1. Clean the Haihong and put it into the pot.
2. Put the Haihong into the pot, add an appropriate amount of cold water, not too much, the Haihong itself will produce some water. Add some salt to enhance the freshness.
3. Prepare seasoning with soy sauce and horseradish.
4. Boil Haihong until it opens and simmer for two minutes.

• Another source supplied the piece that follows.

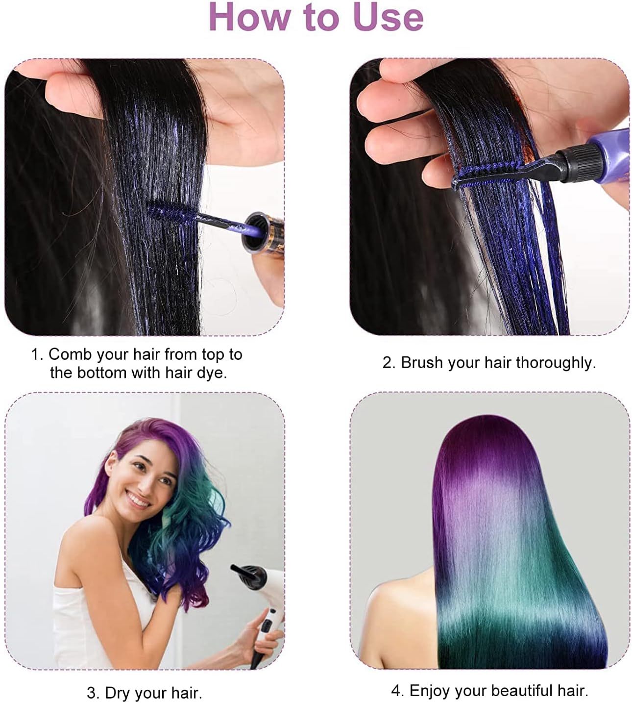 【Easy to Use and Clean】The rainbow hair dye is very convenient and easy to use,just open the Hair chalk,then daub with chalk pens and blow dry hair. The temporary hair colour spray for kids can quickly adds colors to your hair!You can DIY your favorite hair color with the hair chalks for women at home, and wash off easily with shampoo.

1. Haihong, also called mussels, is cooked and processed into dry products - mussels. It is a bivalve mollusc with a dark brown shell that lives on seaside rocks. Distributed along the coasts of the Yellow Sea and Bohai Sea in China. ?The mussel shell is wedge-shaped, with a tapered front end and a broad and rounded rear end. The two shells are equal and symmetrical. The shell surface is purple-black and shiny. The growth lines are fine and obvious, and they grow in a ring from the top.
2. The high nutritional value is also due to the fact that the protein it contains contains 8 essential amino acids such as valine and leucine that the human body needs. Its content is much higher than that of eggs, chicken, duck, fish, and shrimp. and the content of essential amino acids such as meat. According to another study, mussel fat also contains fatty acids necessary for the human body. Its saturated fatty acid content is lower than that of pigs, cattle, mutton, milk and other foods, and its unsaturated fatty acid content is relatively high. Known as the egg in the sea.